Big speakers can make lower frequency sounds but generally not higher frequency sounds. Smaller speakers can more easily make higher frequency sounds but generally can't make lower frequency sounds. Reproducing the entire range of frequencies that a grand piano can make generally takes more than one speaker. You generally need a small one and a big one. The thump of a bass or the beat of kick drum (or the rumble of an explosion in a movie) typically takes a pretty big speaker; people often use a subwoofer for that task.
The bigger a speaker is, the more power (typically measured in watts) it takes to drive it. The power requirements ramp up in a non-linear way. A dialog only scene in a movie or just the radio playing low as background music might take 1 or 2 watts of power. A big, loud explosion or the bass track of your favorite song turned up to party levels might take several hundred watts of power to drive the big speakers needed to properly reproduce the sounds.
At the small end of the scale, differences in amplifier power matter. 5 watts is better than 3, for example.

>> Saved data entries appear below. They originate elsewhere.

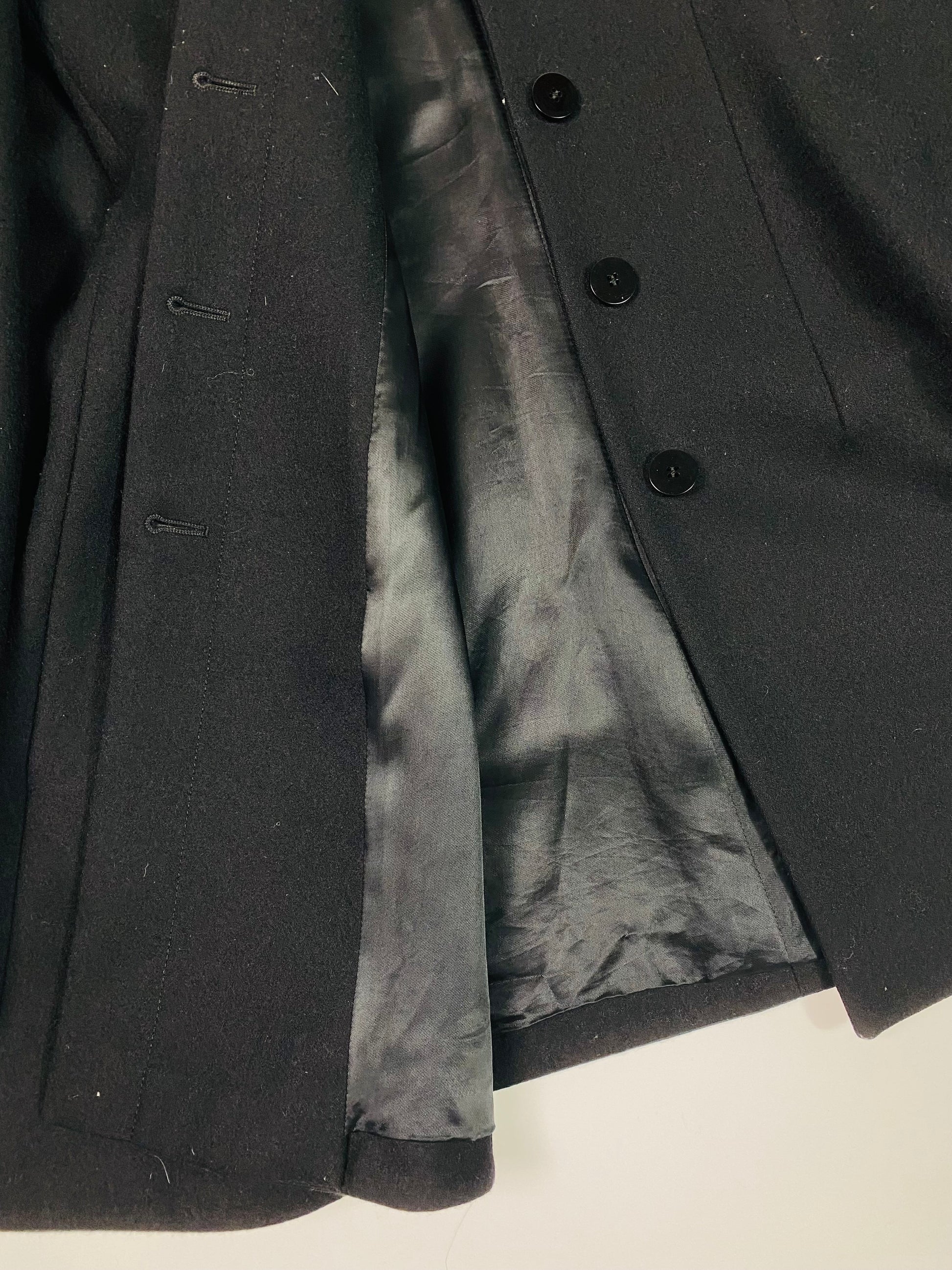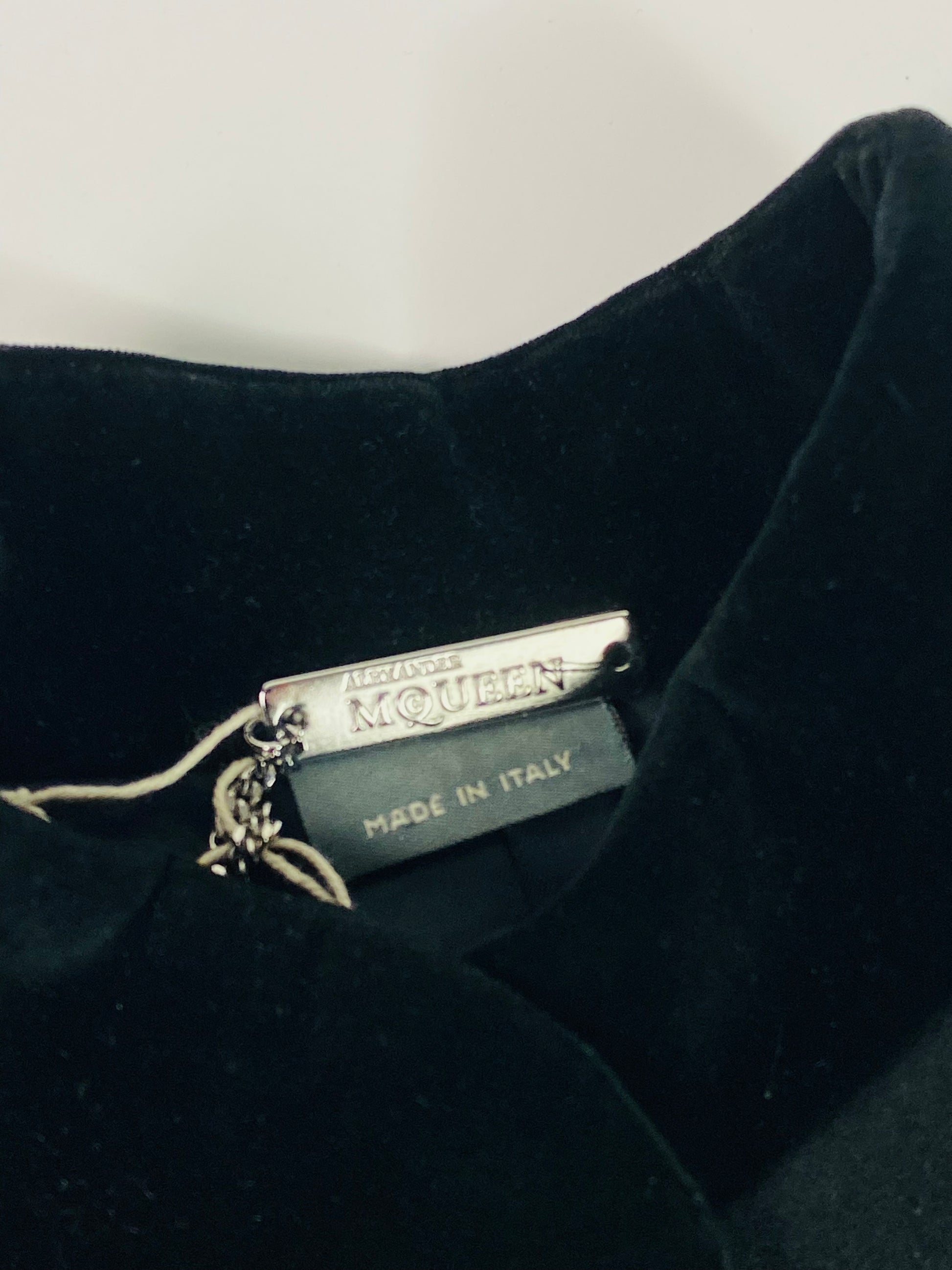 Amazing black cape jacket by McQueen with a velvet band collar at the neckline and beautiful tailoring at the waist to flatter the figure elegantly alongside the dramatic cape feature. This jacket has a satin finish lining and hidden black buttons down the front of the interior.
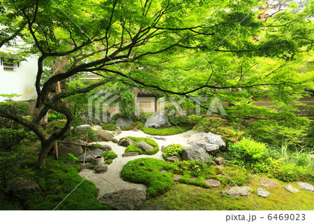 圓光寺の風景 書院から見た新緑の庭園 京都府京都市
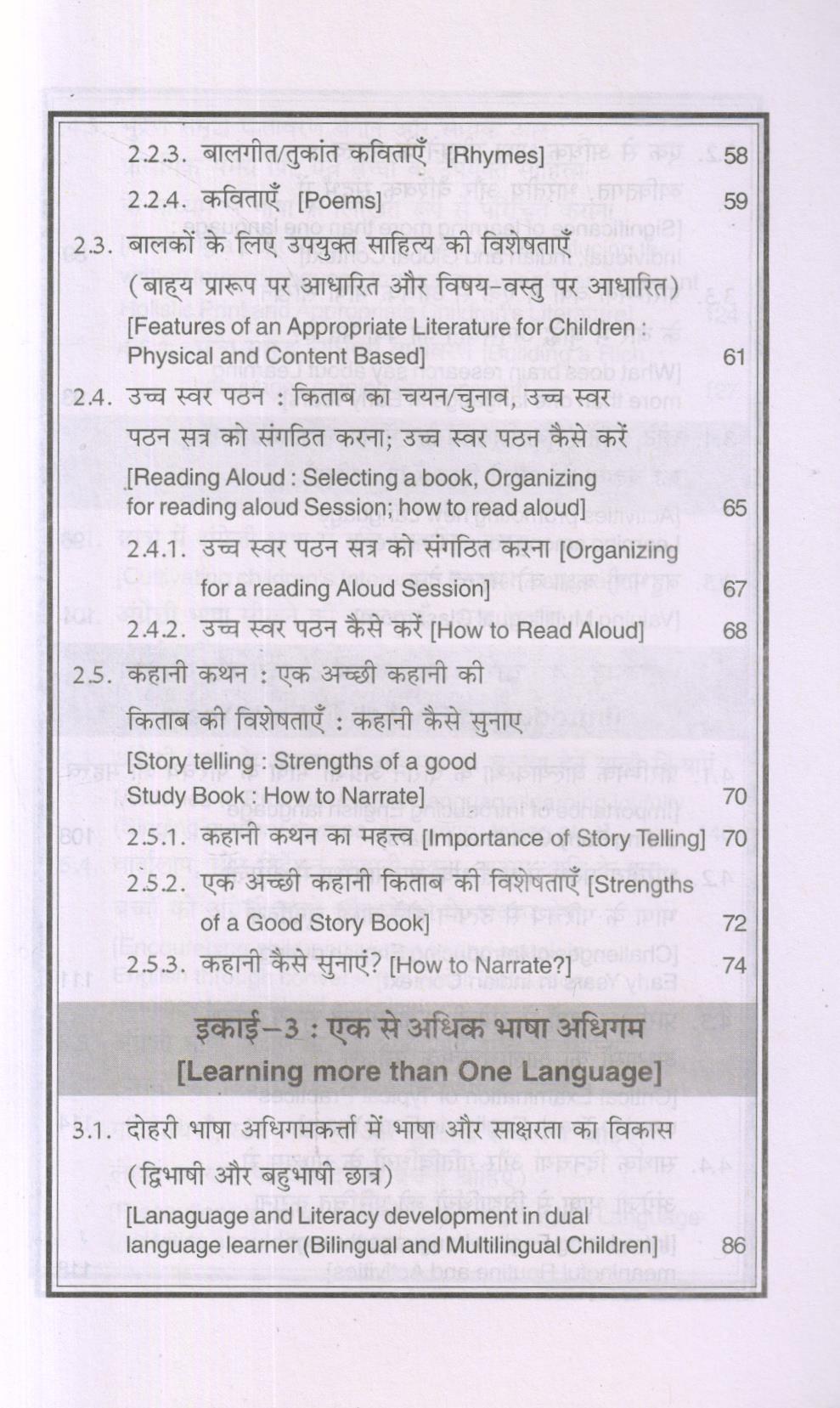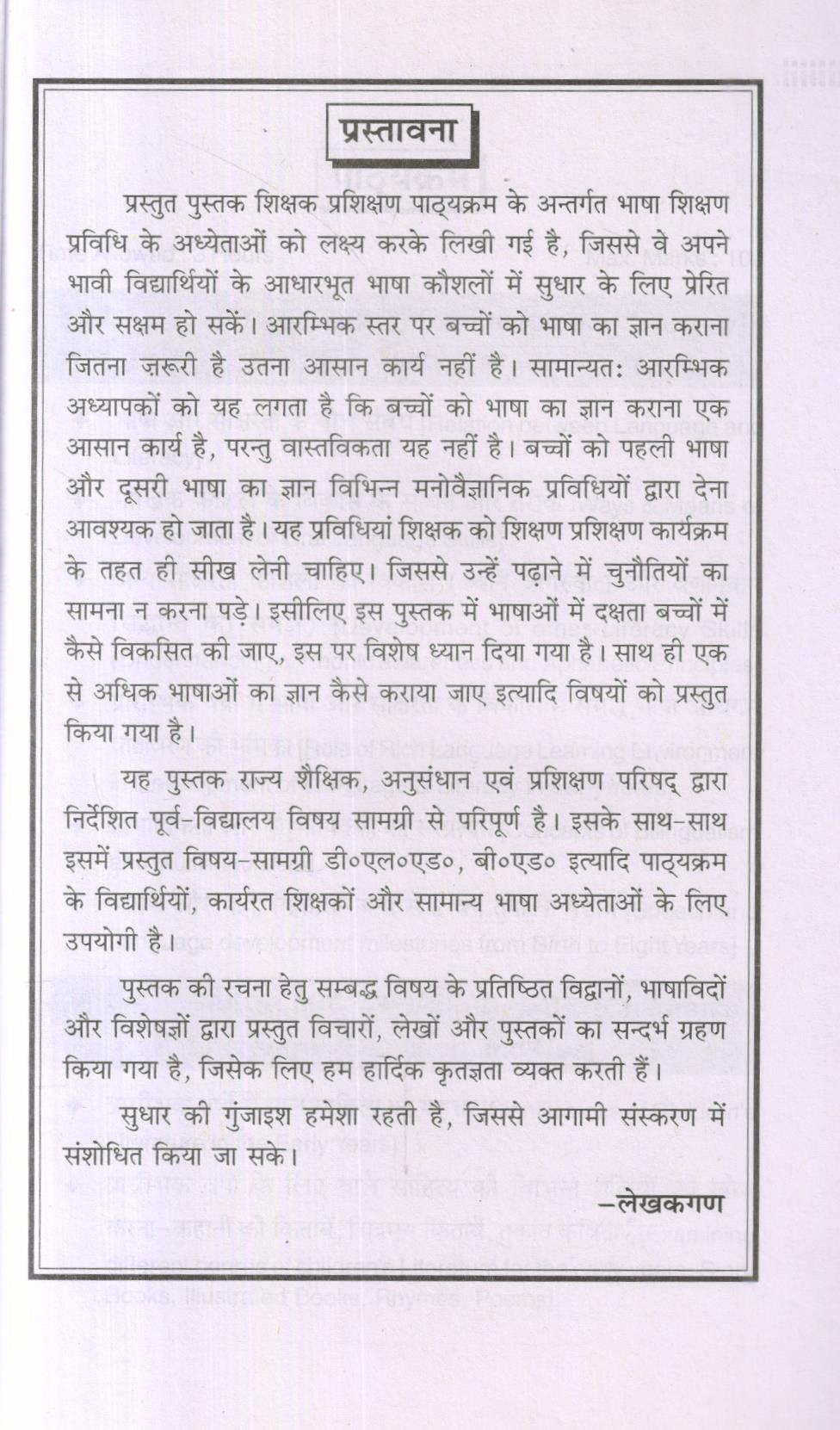 यह पुस्तक राज्य शैक्षिक, अनुसंधान एवं प्रशिक्षण परिषद् द्वारा निर्देशित पूर्व-विद्यालय विषय सामग्री से परिपूर्ण है। इसके साथ-साथ इसमें प्रस्तुत विषय-सामग्री डी०एल०एड०, बी०एड० इत्यादि पाठ्यक्रम के विद्यार्थियों, कार्यरत शिक्षकों और सामान्य भाषा अध्येताओं के लिए उपयोगी है।

Just like 15 watts is better than 8. But, quickly, you need to start changing an order of magnitude to really matter. A 60 watt amplifier isn't really all that different than a 50 watt amp. 125 watts isn't much different than 100. 100 watts is quite different than 15 watts. Just like 500 watts is noticeably different than 100.
So far, I don't think I've said anything that'll start an argument.

Personally, I think more traditional speaker & amplifier setups sound better and are a better value than most sound bars. But lots of people really like the conveniences of a sound bar.